I’m flying USAirways today, and plan to burn my last 40,000 miles with the carrier for a flight later this month. Since Randy Petersen’s AwardGuard is currently not open to new members and the status of USAirways is questionable, I’m making use of my miles while I can.
There’s a chance, of course, that the airline will survive. And even if it doesn’t, the Dividend Miles program certainly has value and another airline may find a way to exploit that value — and potentially honor the accumulated miles in the program. These are all probabalistic. I wouldn’t go burning miles just for the sake of doing so — but as the opportunity is arising to get some good flights now, I’m making use of them.

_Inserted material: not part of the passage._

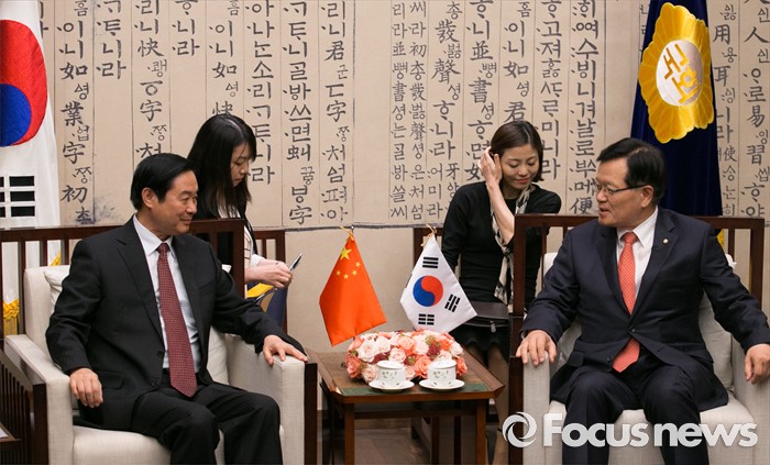 (서울=포커스뉴스) 싱크탱크 '새 한국의 비전'을 준비 중인 정의화(오른쪽) 국회의장이 23일 오후 서울 여의도 국회에서 류치바오 중국 공산당 중앙선전부장을 접견, 면담을 하고 있다. 정 의장은 지난 19일 본회의를 마친 뒤 유승민 무소속 의원과 독대한 것으로 알려져 관심을 모으고 있다.

Truth is that I’m not redeeming more miles than I otherwise would. So there’s no firesale going on in my mind. Instead, I’m choosing to burn USAirways miles instead of miles with other carriers.

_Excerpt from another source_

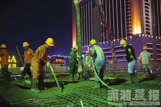 8月15日晚8時(shí),長沙萬家麗廣場對(duì)面,一輛水泥罐車開進(jìn)萬家麗路與荷花路交會(huì)處東南角。接著這輛罐車伸出高高的手臂,連續(xù)不斷地向萬家麗路高架輸送預(yù)拌混凝土,數(shù)十名工程技術(shù)人員在綁扎好鋼筋的最后一跨箱梁上嫻熟操作。上海城建市政集團(tuán)萬家麗路快速化改造工程項(xiàng)目副總指揮、項(xiàng)目經(jīng)理傅建平透露,15日晚8時(shí)至16日上午10時(shí),十名工程技術(shù)人員要完成120米橋面混凝土澆筑,到16日上午10時(shí),萬家麗路快速化高架主線結(jié)構(gòu)全面貫通。今年國慶節(jié),作為湖南長沙乃至湖南首條按照快速化改造的高架橋,將實(shí)現(xiàn)全面竣工通車。

This is a good strategy for me anyway because USAirways miles are perhaps the most easily replaceable. They’re a partner with American Express Membership Rewards (where I have hundreds of thousands of points parked). Amex points transfer to USAirways more or less in realtime. And USAirways allows you to hold an award reservation for three days on the website without having miles in the account. So there’s no reason for me to hold their miles — I make a reservation when I need it and then transfer the points into the account. I’m keeping my USAirways balance around 750 miles.
Why am I so nervous about the carrier?
I recently noted that partner lounge access is being restricted for USAirways Club members and that USAirways was considering selling off assets to raise cash. Even after bankruptcy their cost structure remains incredibly high. They renegotiated leases and lowered some costs bust their labor expense remains high. While they seem to be filling their planes they are doing so at low fares.

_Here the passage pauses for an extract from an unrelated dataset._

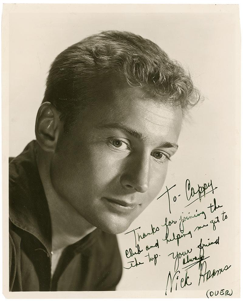 Talented American actor (1931–1968) who appeared in such films as Rebel Without a Cause and Twilight of Honor, for which he received an Academy Award nomination. He died of a prescription drug overdose at the age of 36. Vintage glossy 8 x 10 photo, signed and inscribed in fountain pen “To Cappy. Thanks for joining the club and helping me get to the top. Your friend always, Nick Adams.” Adams has added a postscript on the back of the image: “I remember your name from my fan mail. Thanks for writing. I’m sorry if I never answered my [mail]. I’m behind on my mail and its [sic] hard to answer everyone. Thanks. Nick.” Light creasing, scratches to the emulsions, a couple areas of staining, some irregular adhesion, and slight curling, otherwise fine condition.

The latest development comes from reports that several airlines have made bids for the assets that USAirways is considering letting go of. The Northeast Shuttle should fetch somewhere north of $100 million, and the gates and slots at LaGuardia (and Washington Reagan) have value. That’s because the assets have the potential to earn a profit. While the airline will be able to raise cash and potentially stave off the end, without those assets it will also be harder to recover.
With no clear new business plan, losses are likely to continue — exascerbated by the departure of profitable assets. USAirways has problems that only liquidation may solve.